AUDIT COMMITTEE REPORT
      During 2004, the audit committee was known as the audit and compliance committee and had oversight responsibility for the Company’s efforts to comply and to verify compliance with applicable laws. In March 2005, the board of directors created the compliance committee and redirected most compliance-related activities to that committee. The discussion below focuses on the activities of the audit and compliance committee during 2004. The audit and compliance committee of the board of directors oversees our financial reporting process on behalf of the board. The committee operates under a written charter adopted by the board of directors in 1999 that was amended in March 2003. This report reviews the actions taken by the audit and compliance committee with regard to our financial reporting process during 2004, particularly with regard to our audited consolidated financial statements as of December 31, 2003 and 2004 and for the years ended December 31, 2002, 2003 and 2004.
      All members of the audit and compliance committee are independent, as that term is defined by NYSE listing requirements and the SEC’s rules, and the board has determined that Mr. Lapham is a financial expert for purposes of the NYSE listing requirements and the SEC’s rules under the Sarbanes-Oxley Act of 2002. None of the members is or has been an officer or employee of Renal Care Group or any of our subsidiaries, and none of them has engaged in any business transaction or has any business or family relationship with Renal Care Group or any of our subsidiaries or affiliates that would cause that member not to be considered independent.

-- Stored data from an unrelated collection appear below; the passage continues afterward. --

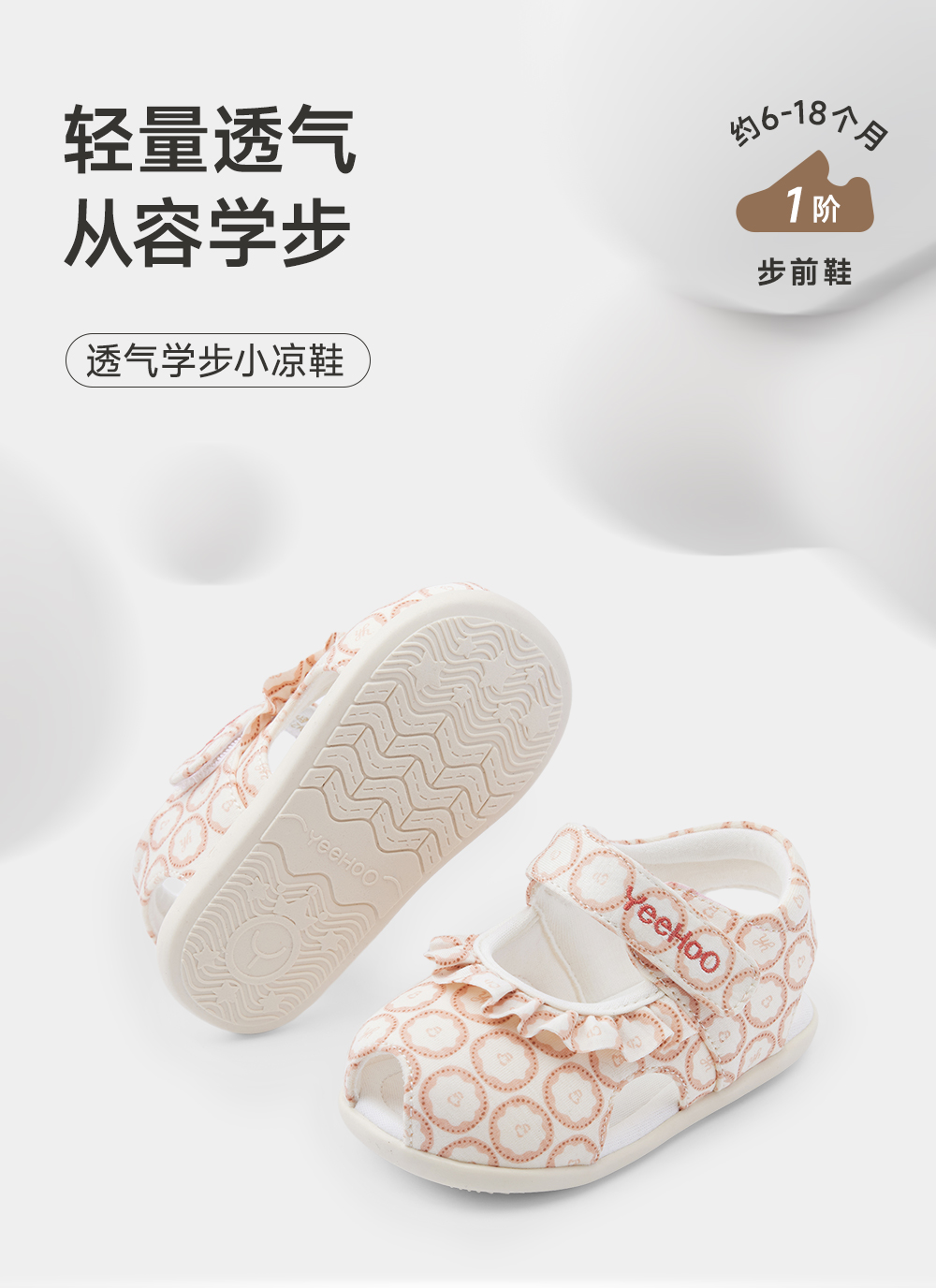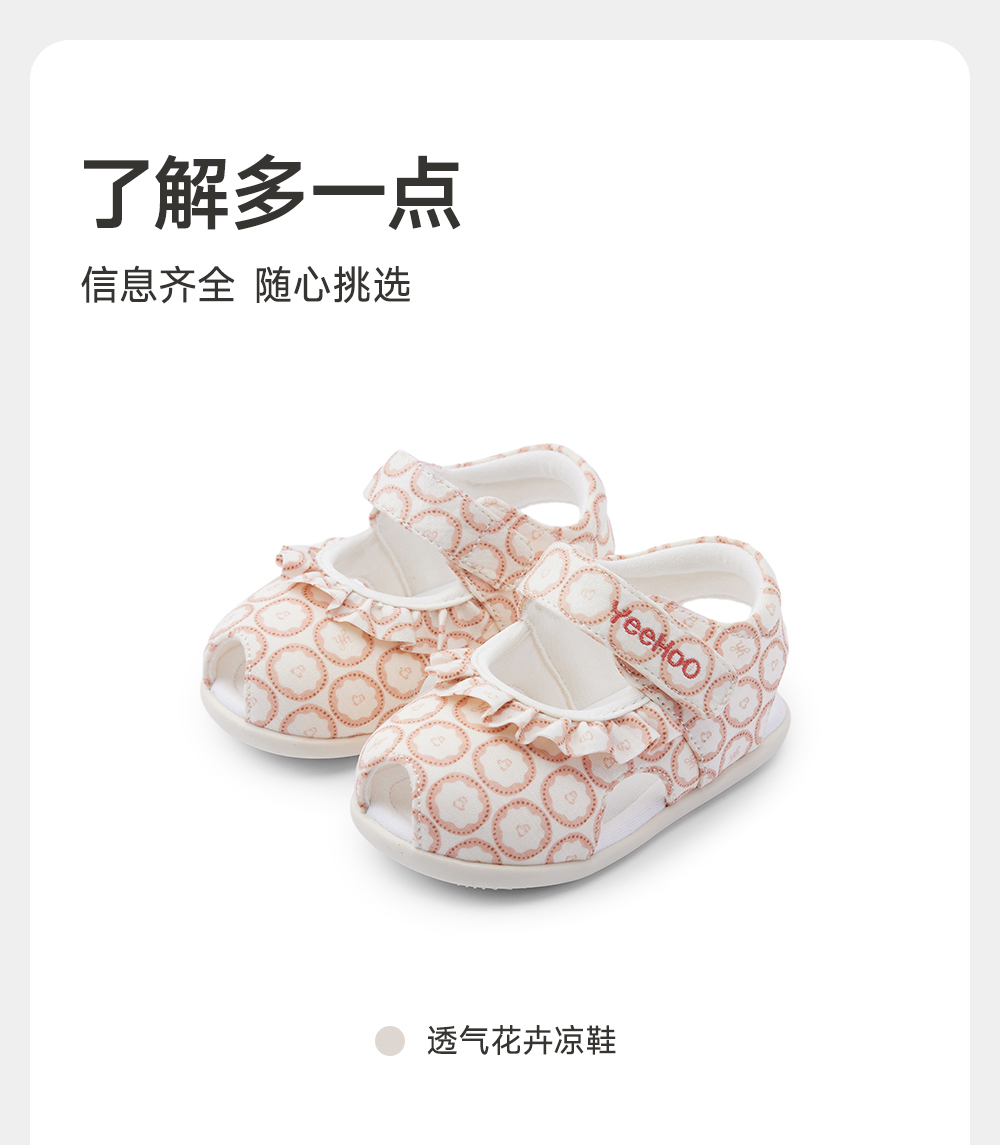 【商场同款】英氏儿童鞋夏季女宝透气步前鞋小凉鞋魔术贴新款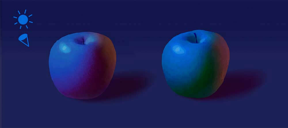 ▲ 인공빛에 비추어진 빨강과 파랑 사과를 페인트하고 있습니다. 여기에서는, 화면을 향해 좌측으로부터 푸르고 강한 빛이 메인의 광원으로서 맞고 있는 설정으로 했습니다. 또, 화면을 향해 우측으로부터는, 핑크색의 빛이 세컨드 라이트로서 닿고 있습니다. 인공의 강한 색의 빛이 닿으면 모티브의 색도 바뀝니다.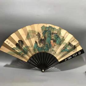 作者 一把山水画背诗文檀木银丝折扇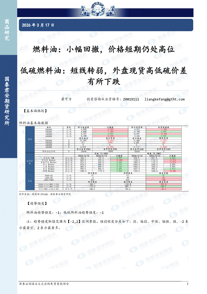 国泰君安期货-燃料油:小幅回撤,价格短期仍处高位,低硫燃料油,短线转弱,外盘现货高低硫价差有所下跌-260317
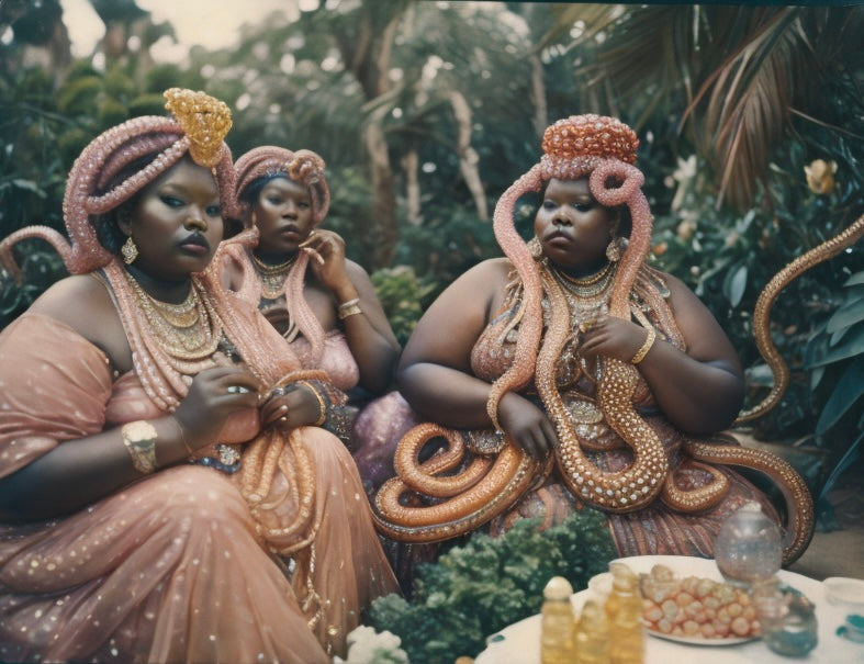 In a mystical garden, a group of magical Octofolk femmes sit together, adorned in high-fashion outfits that shimmer with glitter. Their regal presence is complemented by ethereal greenery and soft, glowing light, creating an atmosphere of enchantment and elegance.
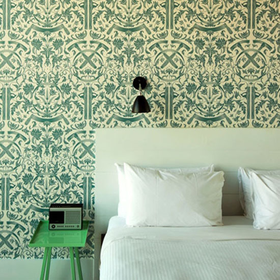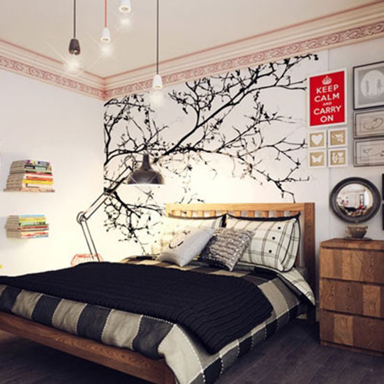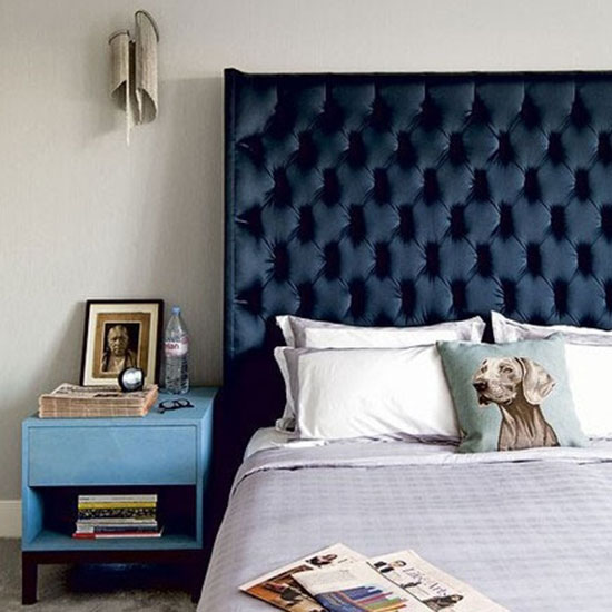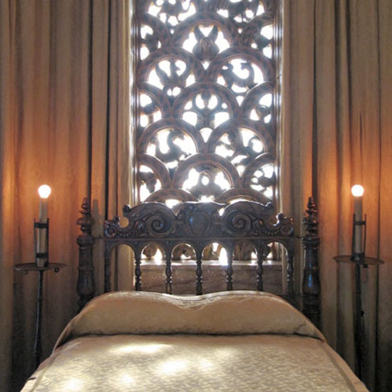 在卧室床头安装灯具主要是为了方便阅读和起夜,所以吸顶灯或大型吊灯这类完全可以充当卧室主光源的灯具并不适用于床头。如果你不想在卧室安装过多灯具,那么干脆就不要安装大型照明工具,直接安装实用的床头灯即可。而这间卧室里的床头灯也的确另类,它似乎有烛台的外形,却又宛若“天外来客”,让人产生了一种仿佛生活在神秘古堡的错觉。

      Management has the primary responsibility for our financial statements and reporting process, including the systems of internal controls. Ernst & Young LLP, our independent auditor, is responsible for performing an independent audit of our consolidated financial statements in accordance with auditing standards generally accepted in the United States and issuing a report on those financial statements. The audit and compliance committee monitors and oversees these processes and selects the accountants to serve as our independent auditor.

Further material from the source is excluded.